[Material provided]
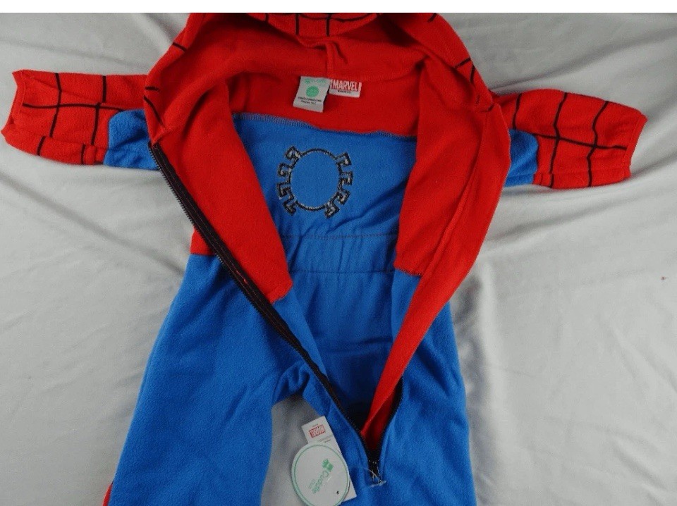 18-24 Mo Spider-Man Cuddle Pajama Hoody Fleece Plush Costume Jumpsuit Romper
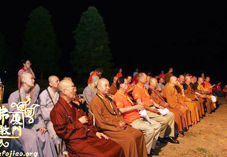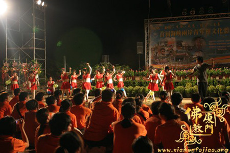 信息来自佛教在线 2010年8月18日晚,首届两岸青年禅文化体验营开营仪式在金门林务所隆重举行。在三宝歌声的祥和气氛中,三百余名两岸青年共同静思冥想。
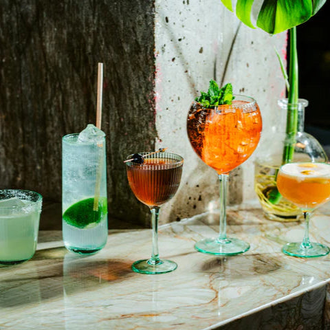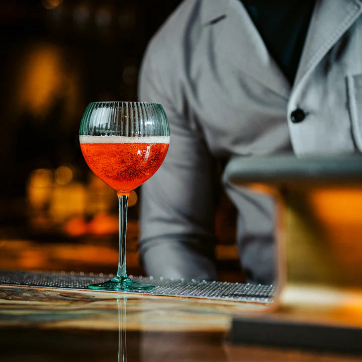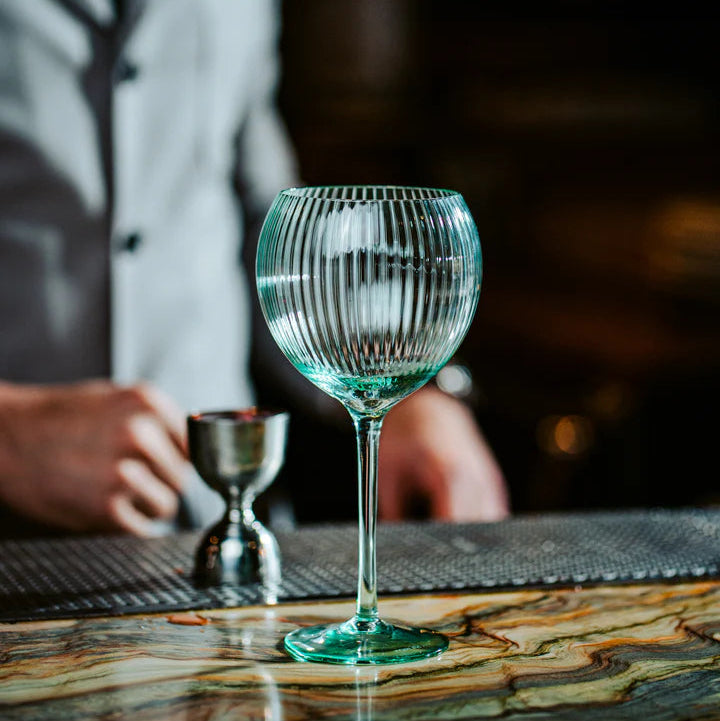The Legend Eco Hawthorne 20 oz. Gin & Tonic, Set of 6, brings sustainable sophistication to every occasion. Handmade from recycled glass with a sheer rim, each piece showcases unique colored optics that elevate the presentation of any drink.

[Exercise directions]
Transcribe the full listing exactly, but keep every image out of it.

[Reply]
 18-24 Mo Spider-Man Cuddle Pajama Hoody Fleece Plush Costume Jumpsuit Romper
 信息来自佛教在线 2010年8月18日晚,首届两岸青年禅文化体验营开营仪式在金门林务所隆重举行。在三宝歌声的祥和气氛中,三百余名两岸青年共同静思冥想。
The Legend Eco Hawthorne 20 oz. Gin & Tonic, Set of 6, brings sustainable sophistication to every occasion. Handmade from recycled glass with a sheer rim, each piece showcases unique colored optics that elevate the presentation of any drink.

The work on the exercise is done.